The following simple equation takes in an N-length (real) vector, and spits out a (real) number between 0 and 1. (I believe this means that it is a transformation mapping $\mathfrak{R}^N \rightarrow \mathfrak{R}^1$). This equation has the property that the answer will converge to 1, as the input elements become more and more alike.
Anyway, here is the equation. $\bf x$ is the N-dimensional input vector. $y$ is the 1-dimensional scalar output. $e$ is just the exponent operator.
$ y = \frac{e^{\frac{1}{N}\displaystyle\sum_{n=1}^N \log_e(x[n])}}{\frac{1}{N}\displaystyle\sum_{n=0}^N x[n]} $
(Notice how the denominator is just the mean of $\bf x$). This function will return $y=1$ if all the elements of the vector $x$ are equal to each other.
I am trying to do two things:
1) First, I would like to 'translate' the English statement "Show that this equation converges to 1, as all the elements in the vector $\bf x$ become more and more alike", into a mathematical statement. (Italics stressing what I want translated).

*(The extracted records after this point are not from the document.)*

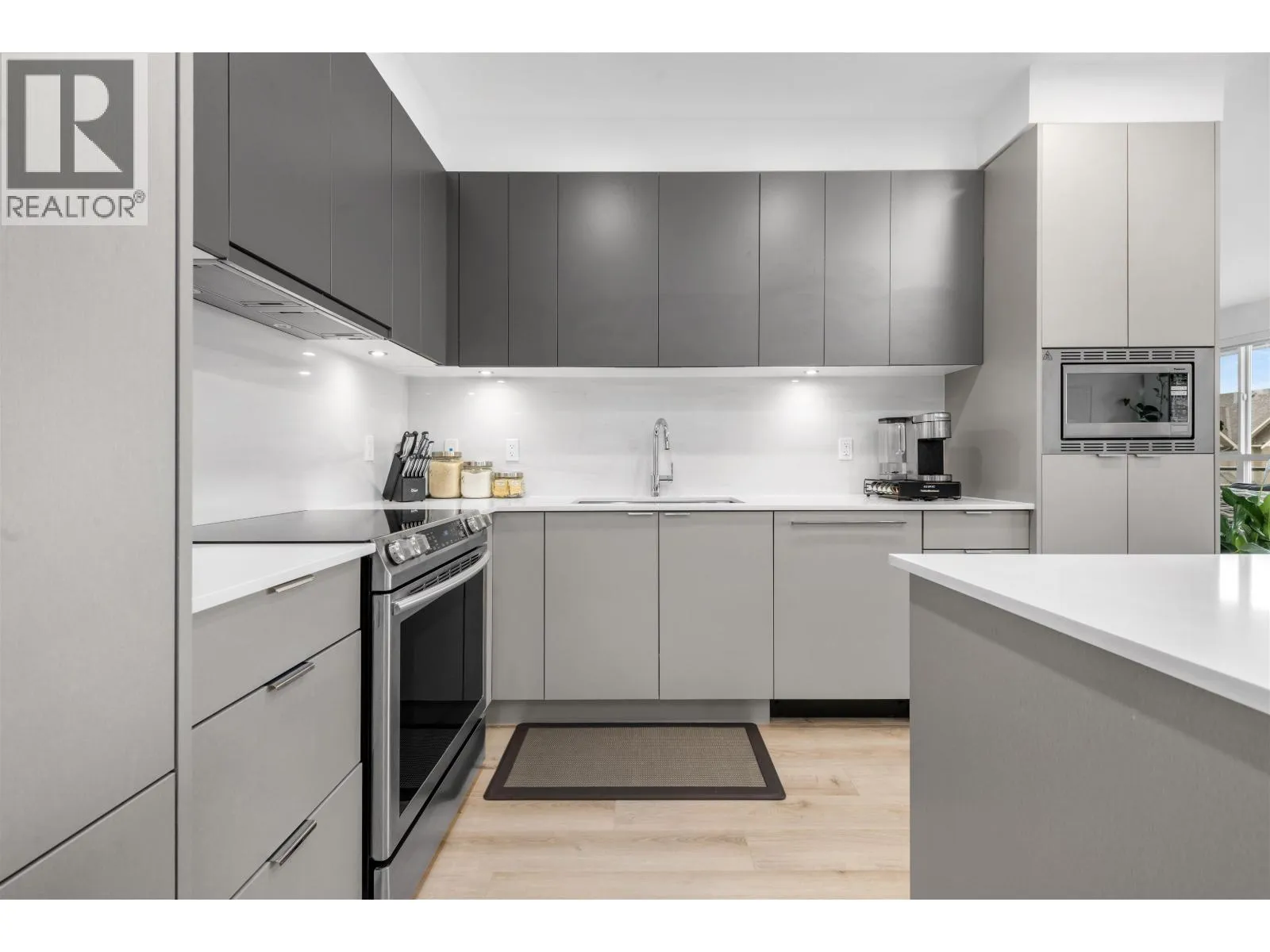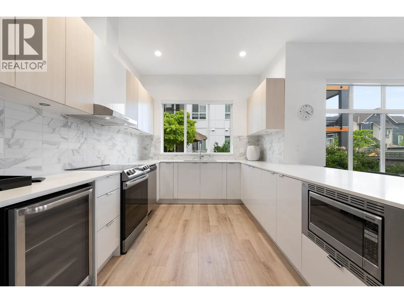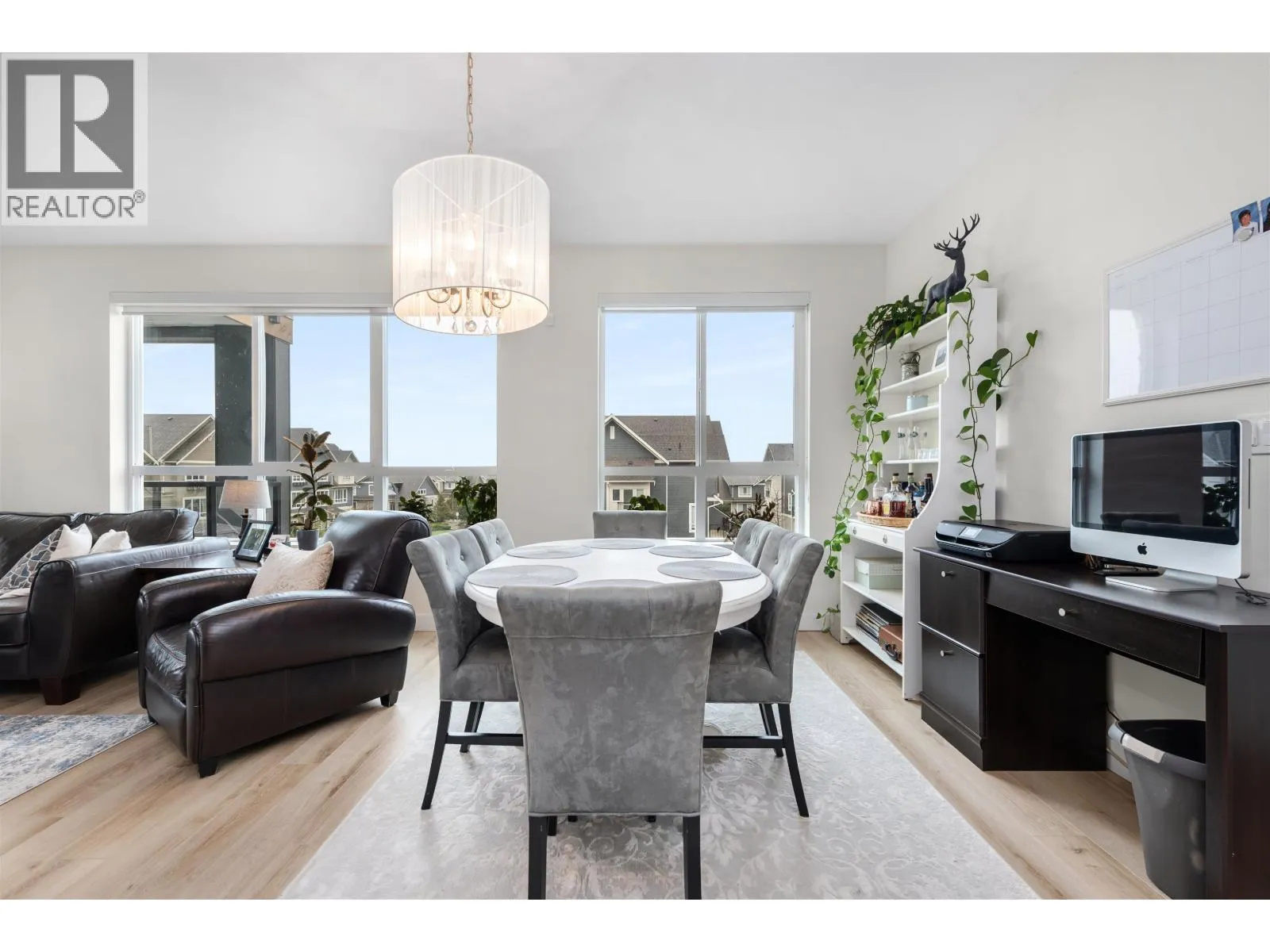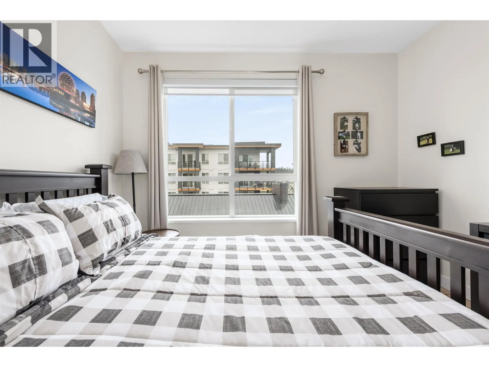 Welcome to Peregrine North at Tsawwassen Shores by Aquilini Development, discover this exquisite 2 bed, 2 bath + den corner unit, one of the largest and most desirable floorplans in the complex. Spanning 1,084 sqft, this unit features a spacious 240 sqft wrap-around patio with serene west-facing park, water and mountain views. The chef's L-shaped kitchen with an island is surrounded by panoramic windows, inviting abundant natural light and enhancing the open feel. Large living and dining area with 9" ceilings and upscale bathrooms, the unit offers modern, luxurious living. Residents have exclusive access to The Nest Clubhouse, which includes a spectacular fitness centre, chef´s kitchen, outdoor fireside lounge, meeting rooms, and a billiards room. 2 parking stalls, large storage locker. (id:27476)
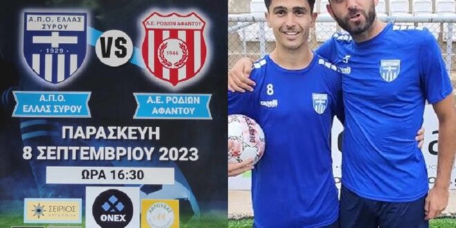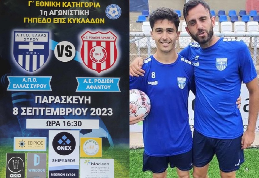 “Στο πλαίσιο της 1ης αγωνιστικής της Γ’ Εθνικής ο Α.Π.Ο ΕΛΛΑΣ Σύρου υποδέχεται στο γήπεδο της ΕΠΣ Κυκλάδων την Α.Ε. Ροδίων Αφάντου την Παρασκευή 8 Σεπτεμβρίου στις 16:30.
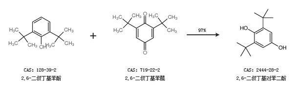 1.通过2,6-二叔丁基苯酚和2,6-二叔丁基苯醌合成2,6-二叔丁基对苯二酚,收率约97%;
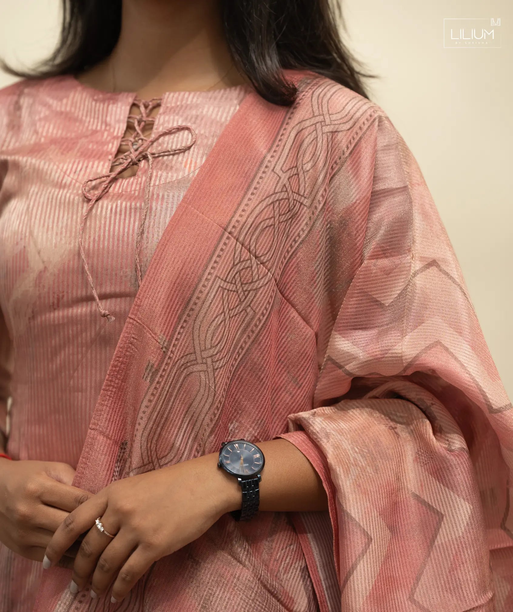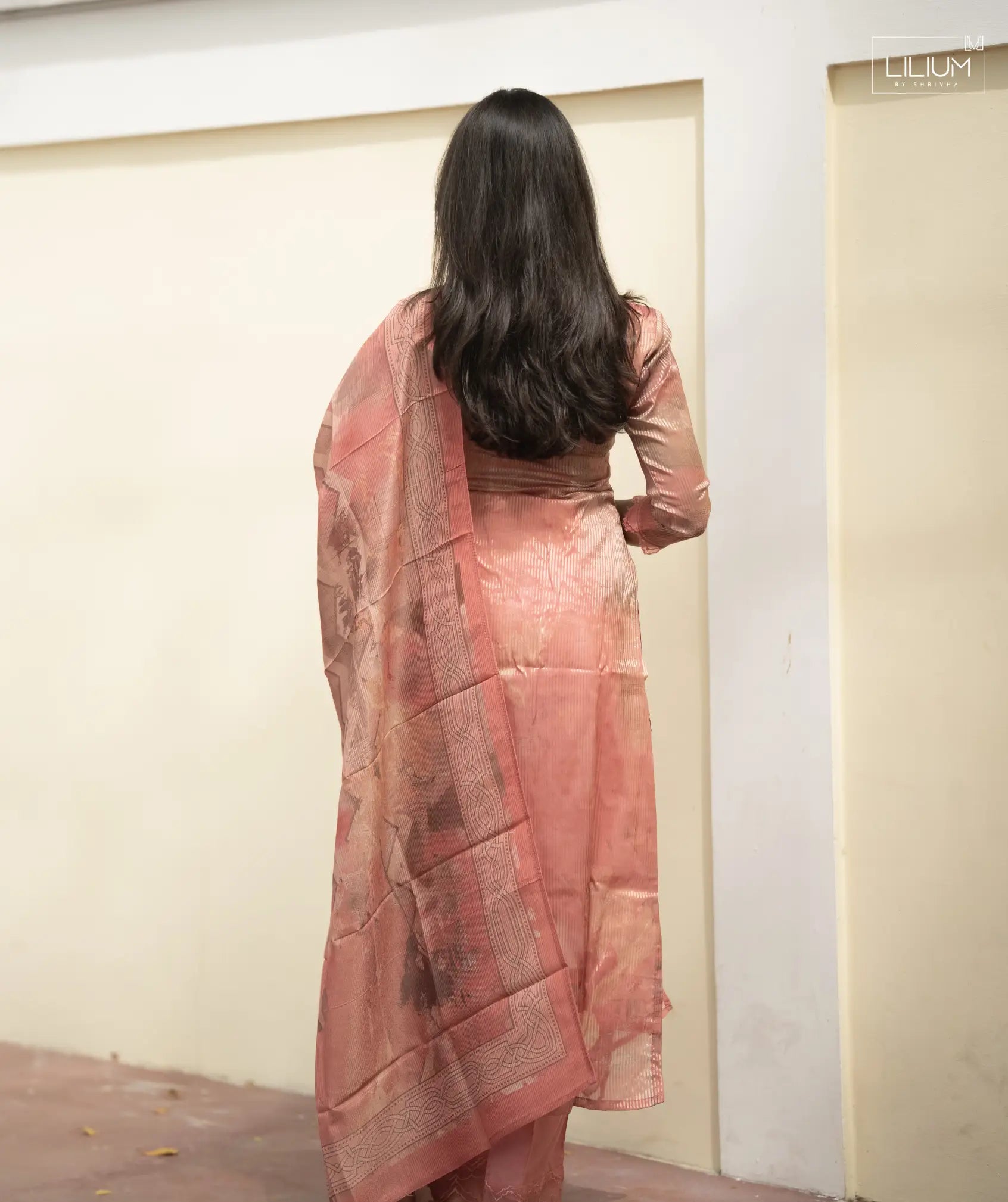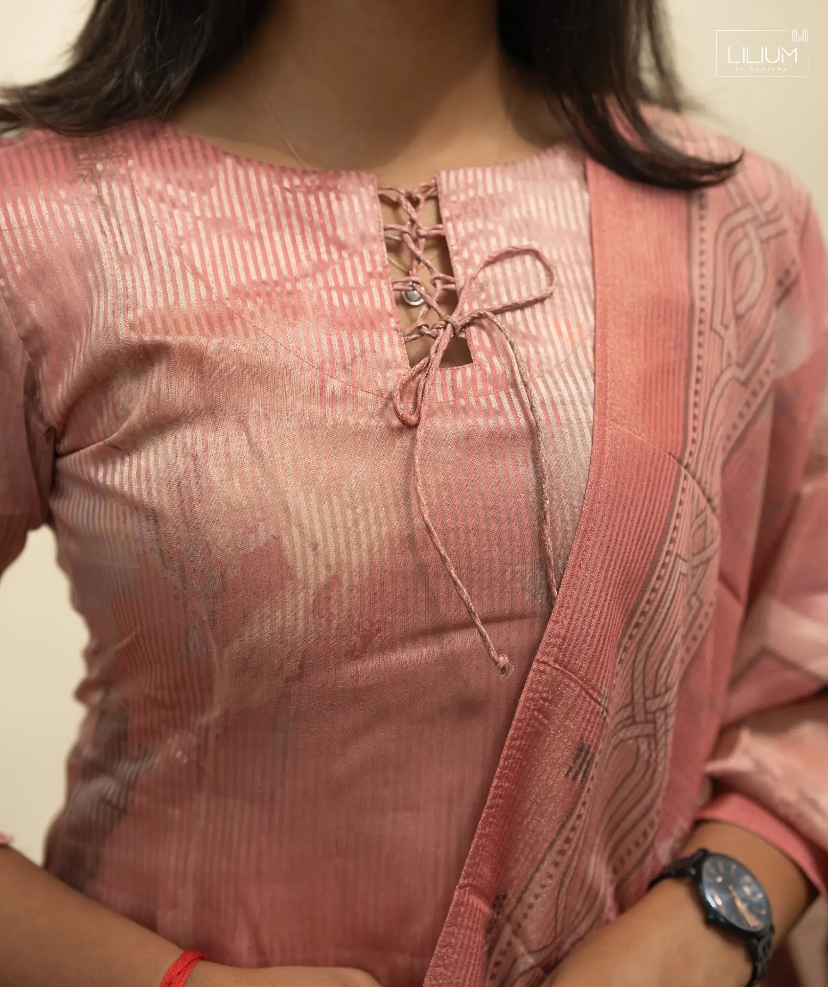 Elevate your everyday style with this elegant Rose Dawn Muslin 3-Piece Set, designed for breathable comfort and effortless appeal. Crafted from lightweight muslin, this set includes an 3/4th-sleeve top with an open slit, a matching bottom measuring 41 inches, and a coordinated third piece for a complete, cohesive look.
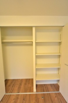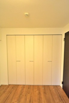 洗面室の向かい側は約5.0帖の洋室。壁一面にはクローゼットと棚がついた大型の収納が設けられています。収納が大きいと生活スペースを有効的に利用できるのがいいですね。
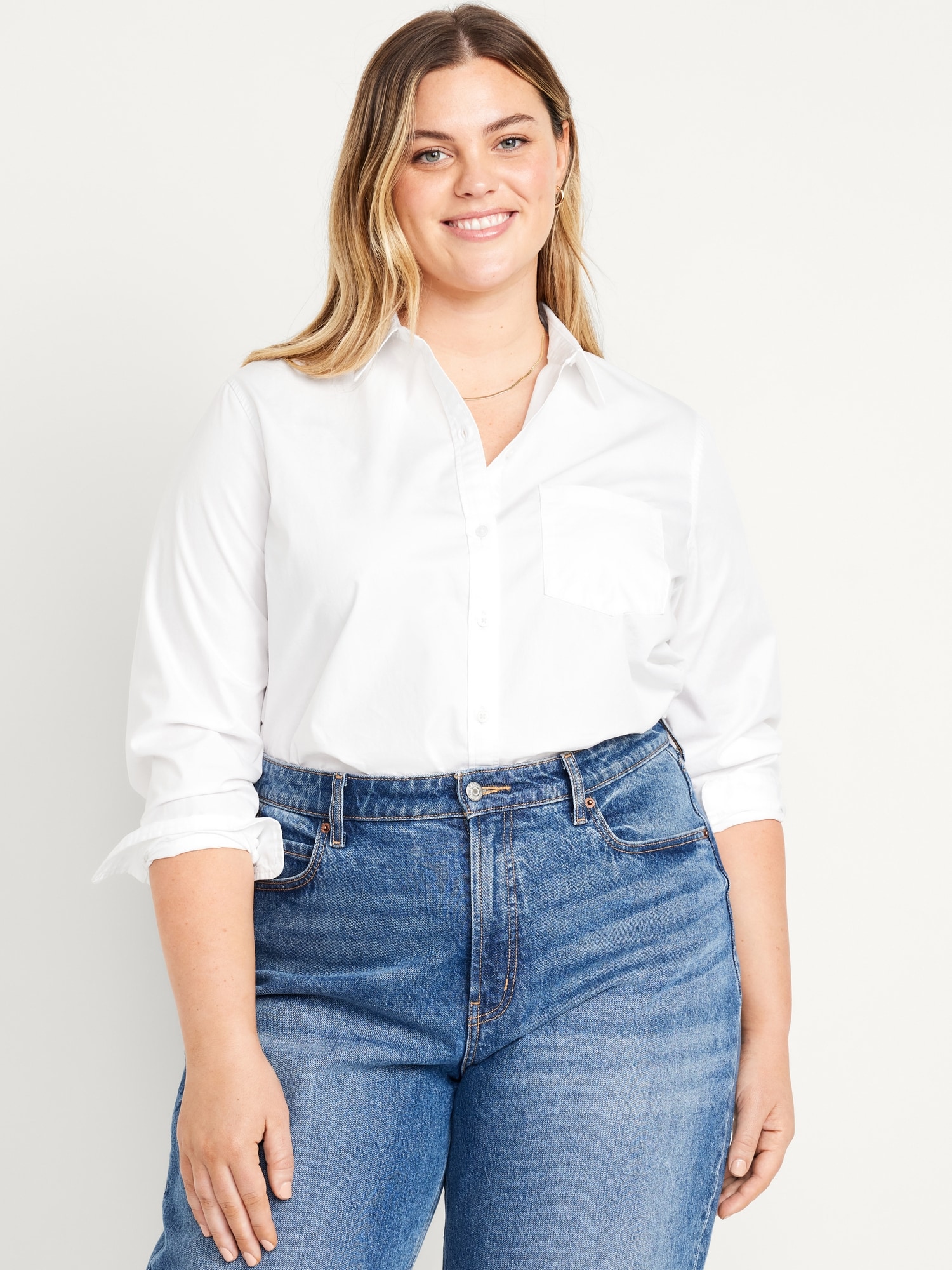 Classic Button-Down Shirt: spread collar, long sleeves, buttoned cuffs, button front, patch chest pocket, curved hem, fading, #576683
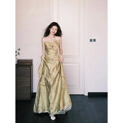 法式轻婚纱女新娘轻奢气质缎面小众高级感抹胸出门纱订婚晨袍礼服

For example, in English we might say "As the variable $c$ approaches infinity, etc, and we use the $\displaystyle\lim_{c \to +\infty}$ to mathematically denote that.
2) After that, I would like to show (prove), that the above equation actually does converge to 1, as the elements of the above equation $x$ become more and more similar. (I know that it does indeed converge to 1, but would like to prove it).